START INFORMATION SHOWN
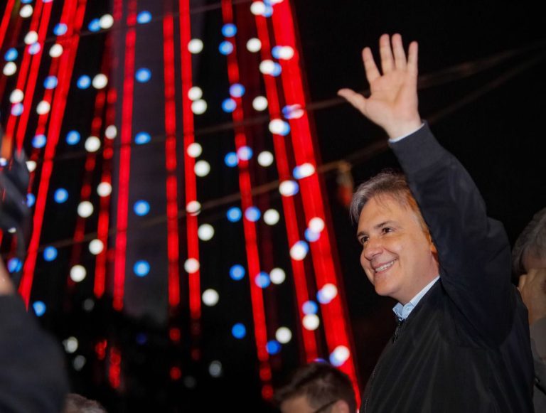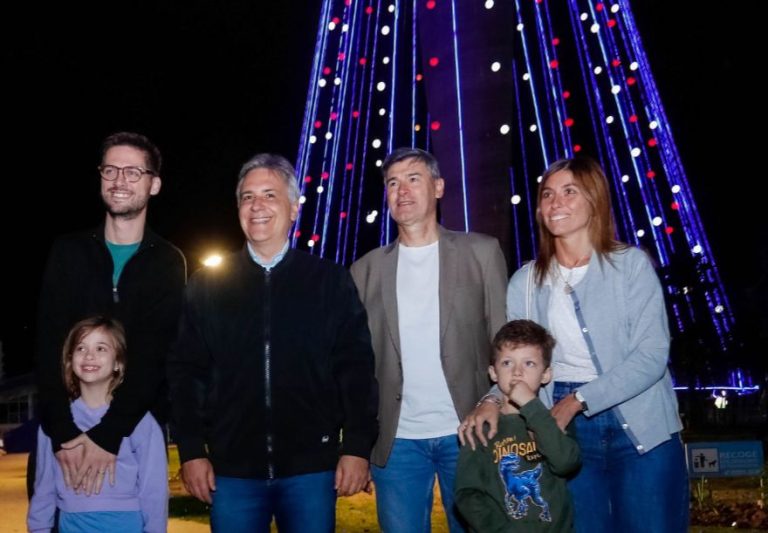 El gobernador Martín Llaryora y el intendente Daniel Passerini participaron este sábado del encendido de las luces del Árbol de Navidad emplazado en el Faro del Bicentenario, el más grande de Argentina.
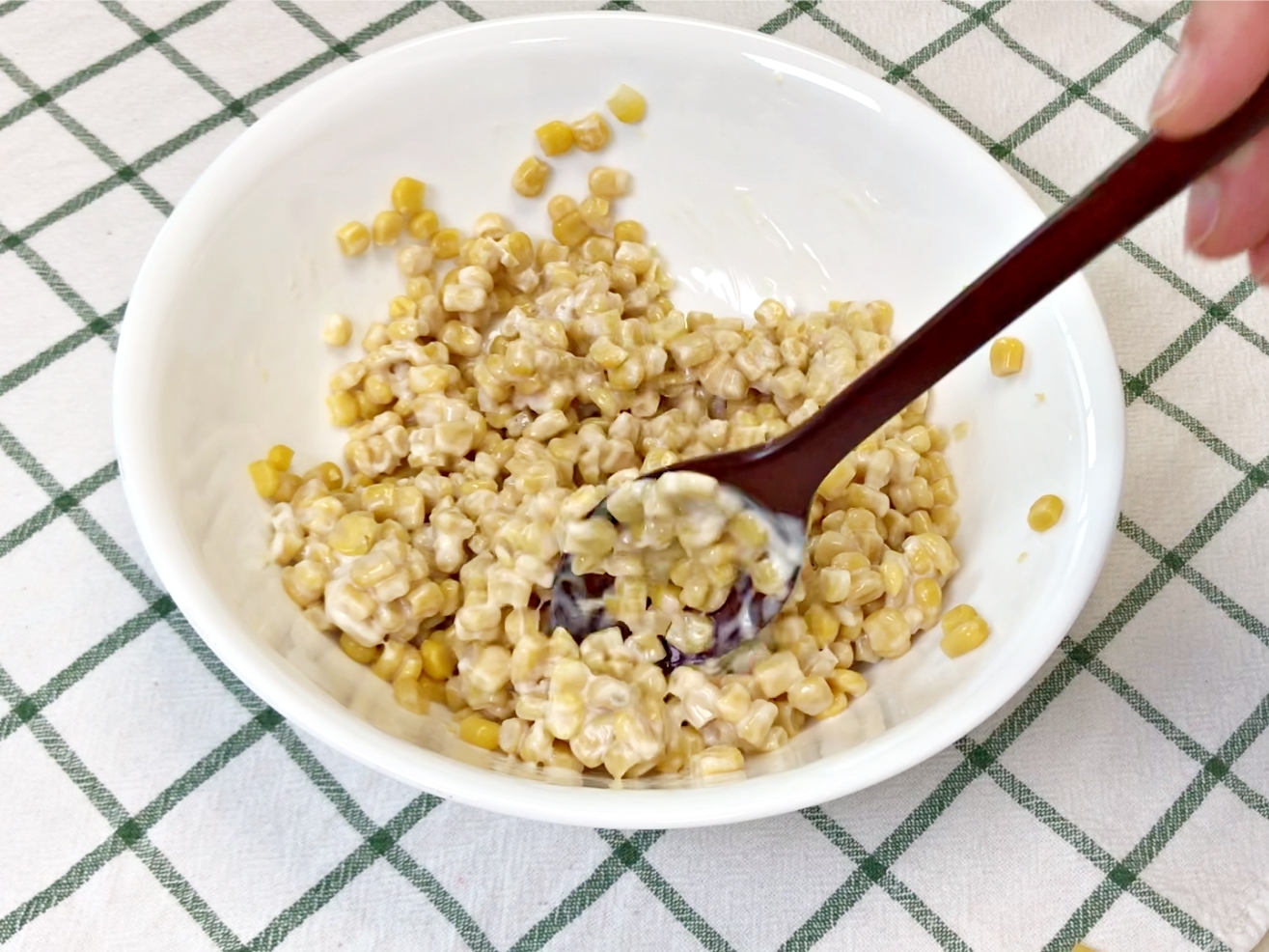 마요네즈에 버무린 옥수수를 넣어주세요.
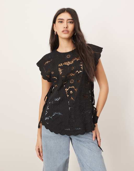 ARRANGE cotton cutwork embroidered top with tie side in black
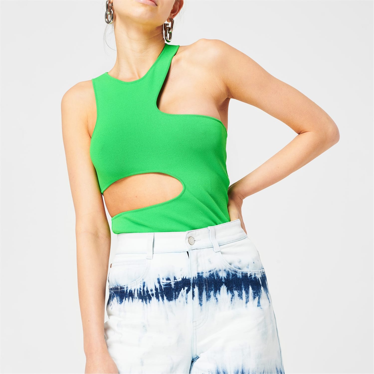 This Stella McCartney tank top features an elegant asymmetric neckline and stylish cut-out embellishments. The solid pattern and sleeveless design offer a sleek, slim fit. With a convenient pull-on closure, this waist-length top is perfect for a chic, modern look. -
END INFORMATION SHOWN
### PROBLEM REQUIREMENTS
Give back exactly the run of lines that opens the material above and ends at the line with "마요네즈에 버무린 옥수수를 넣어주세요.". Omit the pictures.

### ANSWER
 El gobernador Martín Llaryora y el intendente Daniel Passerini participaron este sábado del encendido de las luces del Árbol de Navidad emplazado en el Faro del Bicentenario, el más grande de Argentina.
 마요네즈에 버무린 옥수수를 넣어주세요.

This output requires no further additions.